=== Begin Enclosure ===

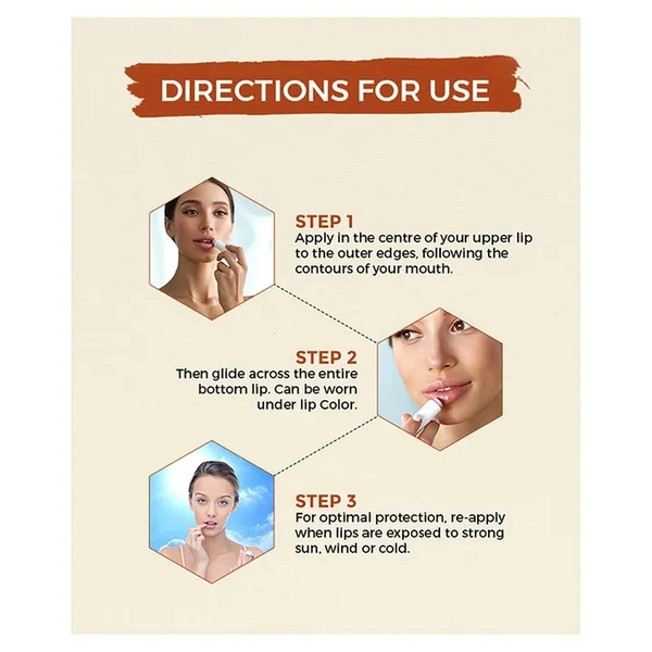 - For optimal protection, re-apply when lips are exposed to strong sun, wind or cold.
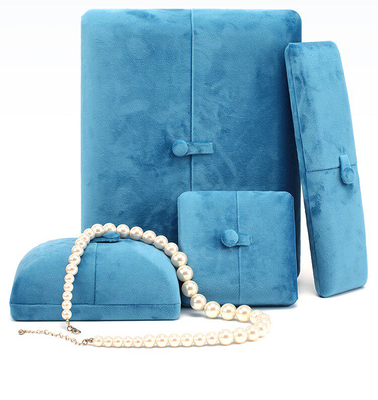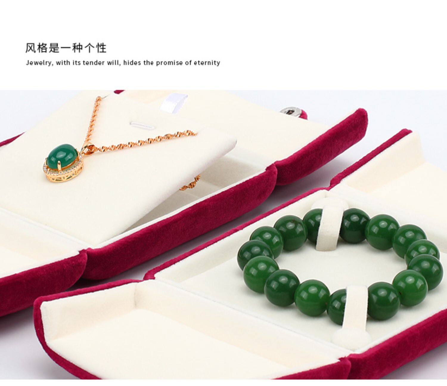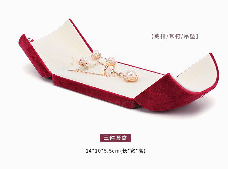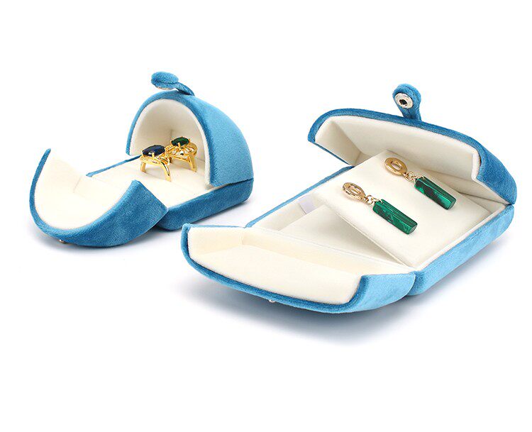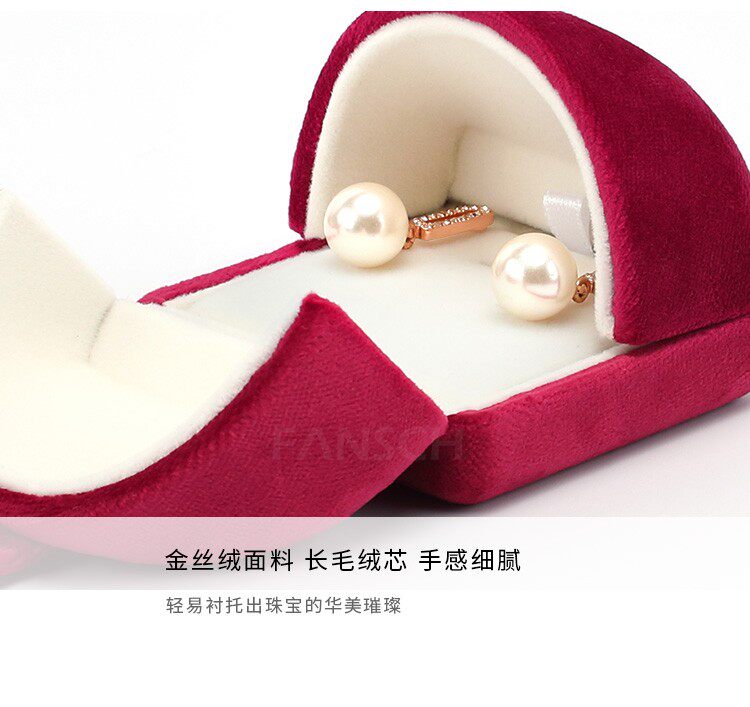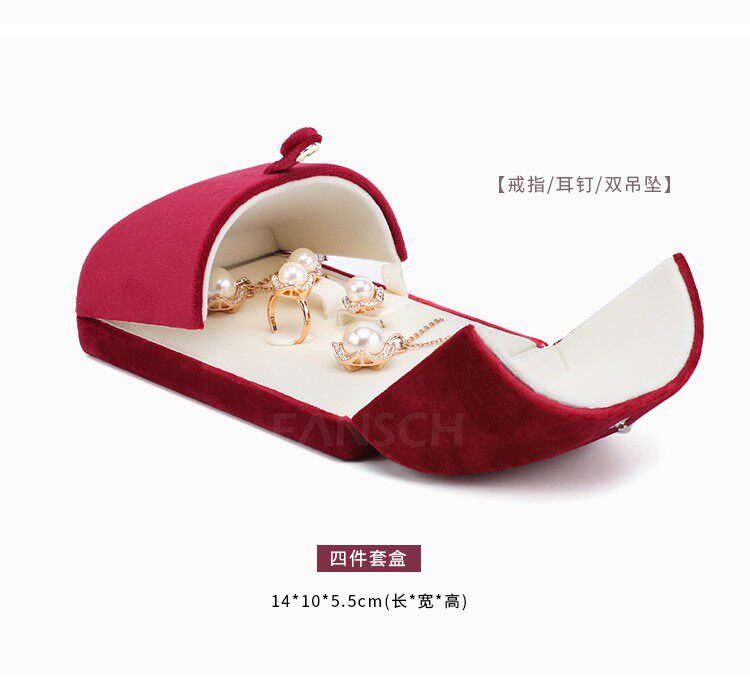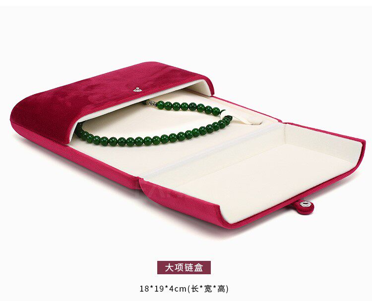 新款按釦雙釦首飾盒超軟絲絨戒指盒耳釘吊墜盒珍珠項鍊盒子淺紫色
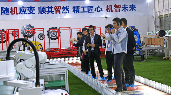 201713日,天安數(shù)碼城總建筑師李永凱一行到訪匯興智造交流學(xué)習(xí),董事長(zhǎng)特助柯火炎對(duì)他們的到來(lái)表示熱烈的歡迎,并親自帶領(lǐng)參觀了開(kāi)館不久的工業(yè)4.0體驗(yàn)館,介紹了匯興智造“順其‘智’然”、機(jī)‘智’未來(lái)”的設(shè)計(jì)理念,如何打造源于自然、貼近生活的智能工廠,聽(tīng)了柯秘的介紹,李永凱建筑師表示深度的認(rèn)同:在這里,我看到的不是鋼筋、水泥、混凝土,而是藍(lán)天、白云、綠草、小橋、流水、木屋、石柱……這里就是工業(yè)文明源于自然的生動(dòng)寫(xiě)照。

=== End Enclosure ===

--- What this task involves ---
Only the lines from the one containing "新款按釦雙釦首飾盒超軟絲絨戒指盒耳釘吊墜盒珍珠項鍊盒子淺紫色" through the last line of the data above, both included, belong in the reply, each restated exactly and without pictures.

--- Solution to this problem ---
 新款按釦雙釦首飾盒超軟絲絨戒指盒耳釘吊墜盒珍珠項鍊盒子淺紫色
 201713日,天安數(shù)碼城總建筑師李永凱一行到訪匯興智造交流學(xué)習(xí),董事長(zhǎng)特助柯火炎對(duì)他們的到來(lái)表示熱烈的歡迎,并親自帶領(lǐng)參觀了開(kāi)館不久的工業(yè)4.0體驗(yàn)館,介紹了匯興智造“順其‘智’然”、機(jī)‘智’未來(lái)”的設(shè)計(jì)理念,如何打造源于自然、貼近生活的智能工廠,聽(tīng)了柯秘的介紹,李永凱建筑師表示深度的認(rèn)同:在這里,我看到的不是鋼筋、水泥、混凝土,而是藍(lán)天、白云、綠草、小橋、流水、木屋、石柱……這里就是工業(yè)文明源于自然的生動(dòng)寫(xiě)照。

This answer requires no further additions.